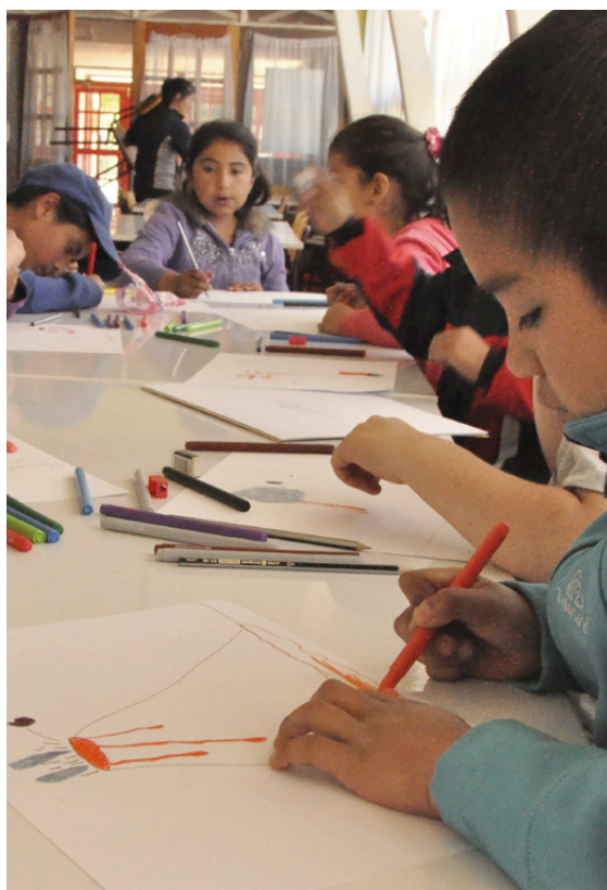
Figura 3. Sesión de taller con escolares en la localidad de Cerro Castillo, en el marco del proyecto “Diagnóstico del paisaje del río Ibáñez”. Workshop session with school children in the village of Cerro Castillo, in the framework of the project “Diagnostic of the Ibáñez River Landscape”.

En la fase anterior, las personas pudieron haber expresado procesos de deterioro o situaciones de conflicto en su relación con el patrimonio o con el paisaje que implican cambios, en desmedro de las valoraciones patrimoniales por ellos enunciadas.
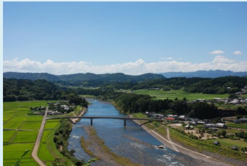
豊後大野市 江内戸の景

また、森林資源が充実するなか、主伐後の再造林放棄地の増加、増え続けるシカによる森林被害への対応、日本一といわれるシイタケ生産の維持継承など、地域が一体となった森林・林業の構想、構想の実現に向けた実践が望まれます。
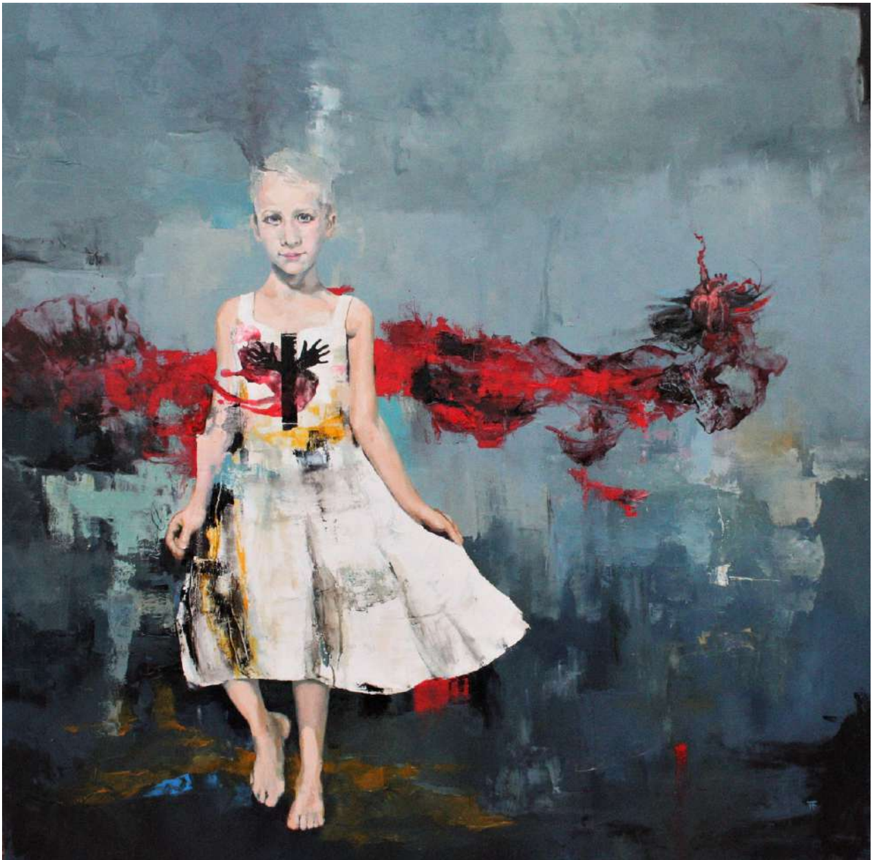
El Baile de papá. Óleo sobre lienzo. 150x150cm. 2022

□ □ □ □ □

Look through the entries above and find each line where the word "paisaje" occurs; copy those lines.

Written solution:
Figura 3. Sesión de taller con escolares en la localidad de Cerro Castillo, en el marco del proyecto “Diagnóstico del paisaje del río Ibáñez”. Workshop session with school children in the village of Cerro Castillo, in the framework of the project “Diagnostic of the Ibáñez River Landscape”.
En la fase anterior, las personas pudieron haber expresado procesos de deterioro o situaciones de conflicto en su relación con el patrimonio o con el paisaje que implican cambios, en desmedro de las valoraciones patrimoniales por ellos enunciadas.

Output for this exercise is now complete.